The Big Data Era: Data is the New Oil

Computing Through the Ages - This article is part of a series.

§ : This article

§ : Android's Rise: The Open-Source System's Counterattack

§ : Mobile Internet: The iPhone Redefined the Phone

§ : The Cloud Computing Era: AWS Changed Everything

§ : The Power of Open Source: Linux and the Open Source Movement

§ : Python's Philosophy: Why Python is Called Python

§ : Programming Language Evolution: From Machine Code to High-Level Languages

§ : The Browser Wars: Netscape vs. IE, the Battle of the Century

§ : The Birth of the World Wide Web: Tim Berners-Lee's Gift

§ : Bill Gates and Microsoft: The Rise of a Software Empire

§ : Steve Jobs and Apple: Product Launches That Changed the World

§ : The Personal Computer Revolution: Apple in the Garage

§ : The Origins of the Internet: ARPANET and Cold War Rivalry

§ : The Origins of Operating Systems: The Birth of UNIX

§ : Moore's Law: The Amazing Law Predicting the Future

§ : The Miracle of Chips: How Integrated Circuits Changed the World

§ : The Transistor Revolution: From Vacuum Tubes to Solid-State Electronics

§ : The First Electronic Computer: The Birth of ENIAC

§ : von Neumann's Blueprint: The Stored-Program Computer

§ : Turing's Brain: The Theoretical Ancestor of Computers

§ : The Legend of the Difference Engine: Babbage's Unfinished Dream

§ : The Dawn of Mechanical Calculation: Pascal and Leibniz

§ : Humanity's Dream of Calculation: From Knots to the Abacus

In 2017, The Economist magazine’s cover headline was:

“The world’s most valuable resource is no longer oil, but data.”

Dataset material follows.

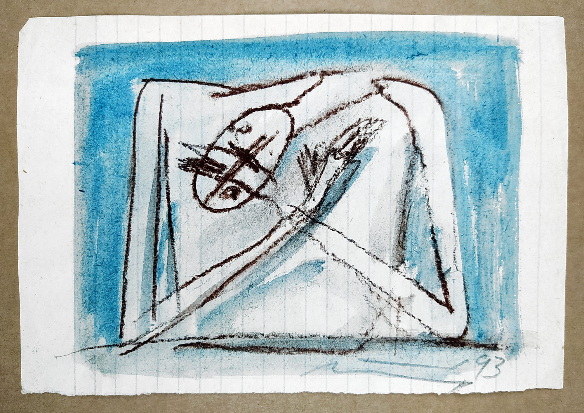 Načeradský Jiří – Studie muže, kresba pastelem, kolorovaná akvarelem, 1993. Signováno tužkou vpravo dole s datací. Celkový rozměr: 14,4 cm × 21,0 cm.

This statement revealed the truth of our era.

Oil needs drilling, refining, and processing. Data also needs collection, cleaning, and analysis.

But data differs from oil:

Data can be infinitely copied, never depleted
Data becomes more valuable the more it’s used, not less
Data can be combined to produce new value

Mobile internet, social media, IoT… every moment generates data.

What happens on the internet every minute?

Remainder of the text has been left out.